LL> However, for that, i am scanning text-files (not html) and my idea
LL> is, for the future, kind of a webservice, so that PTR makes a
LL> request, and gets the result via internet. That way, you wont need
LL> to download a search index etc. and could at least provide one
LL> version of the Pali Text Reader, which browses and searches online,
making the download package very small...
Is there a way to create the search index on the client computer from the
source files? Have you tried this?

Yes, i went along this path for some time. I stripped all pali text words and organised them according to the books. The (unoptimized) index file was still 64 MB large! Not so good :-) But, if i loaded that file into memory, search results where immediate :-)

However, next step included incorporation of word positions as well, in order to analyze a combination of terms whether they match  in a sentence or not. But then i stopped the effort there and digressed a little bit, playing a bit with concordance stuff:

http://paliconcordance.nibbanam.com

Finally, i came back to a simpler approach, which is now a plain file-based search using Boyer-Moore... Its fast, realiable and can be used to look up occurences and sourrounding text passages quite fast. Processor speed and available memory make it not impossible or boring to scan 217 files each time you look up something.




Webservice will require connection to the internet and having a webserver
set up for this purpose.


Sure.
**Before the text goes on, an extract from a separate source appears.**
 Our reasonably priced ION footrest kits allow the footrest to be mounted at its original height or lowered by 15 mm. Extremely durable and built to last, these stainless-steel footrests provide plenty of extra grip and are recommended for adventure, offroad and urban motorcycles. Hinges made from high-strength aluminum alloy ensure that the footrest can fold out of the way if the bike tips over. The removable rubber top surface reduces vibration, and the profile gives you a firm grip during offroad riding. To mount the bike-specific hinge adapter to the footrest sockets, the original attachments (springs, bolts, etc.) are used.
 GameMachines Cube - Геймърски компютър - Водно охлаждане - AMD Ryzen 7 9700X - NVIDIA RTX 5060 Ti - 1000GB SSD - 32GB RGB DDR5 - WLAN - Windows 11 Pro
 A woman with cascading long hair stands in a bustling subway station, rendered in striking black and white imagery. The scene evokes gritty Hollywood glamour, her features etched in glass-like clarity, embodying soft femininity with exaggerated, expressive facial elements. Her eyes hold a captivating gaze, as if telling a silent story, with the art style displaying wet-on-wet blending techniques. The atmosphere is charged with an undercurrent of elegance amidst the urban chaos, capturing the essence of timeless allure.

But i prepared two versions of the PaliText Reader for the BETA release: one edition, measuring 4 MB will allow online browsing of the Pali texts from this website: http://tipitaka.nibbanam.com. While the "full download" will include searchable textfiles, html version of the Pali texts with an impact of 70 MB for download. So can even switch between both versions later on, when you separatly download stuff. So, that way, the user can decide: small impact on his system means he needs online connections. Or: huge download in the beginning means he can work offline. I hope that this two-way strategy leaves room for everyone's needs.
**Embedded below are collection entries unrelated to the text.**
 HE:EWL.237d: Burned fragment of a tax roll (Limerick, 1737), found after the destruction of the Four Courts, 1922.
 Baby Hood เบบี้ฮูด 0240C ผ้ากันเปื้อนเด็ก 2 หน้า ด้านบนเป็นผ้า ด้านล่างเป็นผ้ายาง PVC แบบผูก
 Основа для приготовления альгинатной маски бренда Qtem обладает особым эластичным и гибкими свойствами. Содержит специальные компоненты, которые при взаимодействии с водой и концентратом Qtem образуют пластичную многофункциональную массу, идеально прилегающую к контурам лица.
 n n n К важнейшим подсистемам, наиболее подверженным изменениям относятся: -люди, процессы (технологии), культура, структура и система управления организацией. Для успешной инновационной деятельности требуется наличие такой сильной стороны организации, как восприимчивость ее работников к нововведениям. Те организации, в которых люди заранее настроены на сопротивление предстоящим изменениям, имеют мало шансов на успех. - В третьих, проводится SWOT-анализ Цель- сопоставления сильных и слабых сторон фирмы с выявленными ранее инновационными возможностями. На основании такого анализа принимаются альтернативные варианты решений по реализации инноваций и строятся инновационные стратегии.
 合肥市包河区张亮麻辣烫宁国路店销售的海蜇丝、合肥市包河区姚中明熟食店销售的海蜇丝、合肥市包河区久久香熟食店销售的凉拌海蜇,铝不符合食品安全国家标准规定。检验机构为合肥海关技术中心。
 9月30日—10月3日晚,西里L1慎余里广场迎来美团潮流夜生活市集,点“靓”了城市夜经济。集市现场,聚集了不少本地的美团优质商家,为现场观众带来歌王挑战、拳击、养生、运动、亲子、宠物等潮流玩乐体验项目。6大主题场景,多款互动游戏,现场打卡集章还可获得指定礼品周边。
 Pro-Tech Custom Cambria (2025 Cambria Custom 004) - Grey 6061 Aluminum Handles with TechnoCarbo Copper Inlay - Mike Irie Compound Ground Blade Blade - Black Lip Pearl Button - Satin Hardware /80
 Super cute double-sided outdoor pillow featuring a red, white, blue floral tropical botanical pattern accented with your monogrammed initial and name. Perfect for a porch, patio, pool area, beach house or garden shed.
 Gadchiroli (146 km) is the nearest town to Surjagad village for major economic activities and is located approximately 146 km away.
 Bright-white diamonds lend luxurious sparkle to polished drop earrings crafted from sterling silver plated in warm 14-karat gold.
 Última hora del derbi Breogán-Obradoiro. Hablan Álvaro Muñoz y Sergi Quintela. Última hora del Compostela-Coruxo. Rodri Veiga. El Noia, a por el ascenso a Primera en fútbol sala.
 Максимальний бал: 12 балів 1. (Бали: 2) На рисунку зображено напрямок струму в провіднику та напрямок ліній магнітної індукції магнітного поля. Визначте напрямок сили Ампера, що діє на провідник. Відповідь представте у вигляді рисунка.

For the online edition, an online search (webservices based) still needs to be implemented... So this is the only drawback right now, if someone decides to go for the online edition - no search possible (yet).


LL> I hope, everything went well with the checked in source?
I was very busy with my converter which is now complete. Next task will be
creating the installer for the pocket PC version. Only after that I will
install tortoise SVN and update the source code.

okay,

best wishes Lennart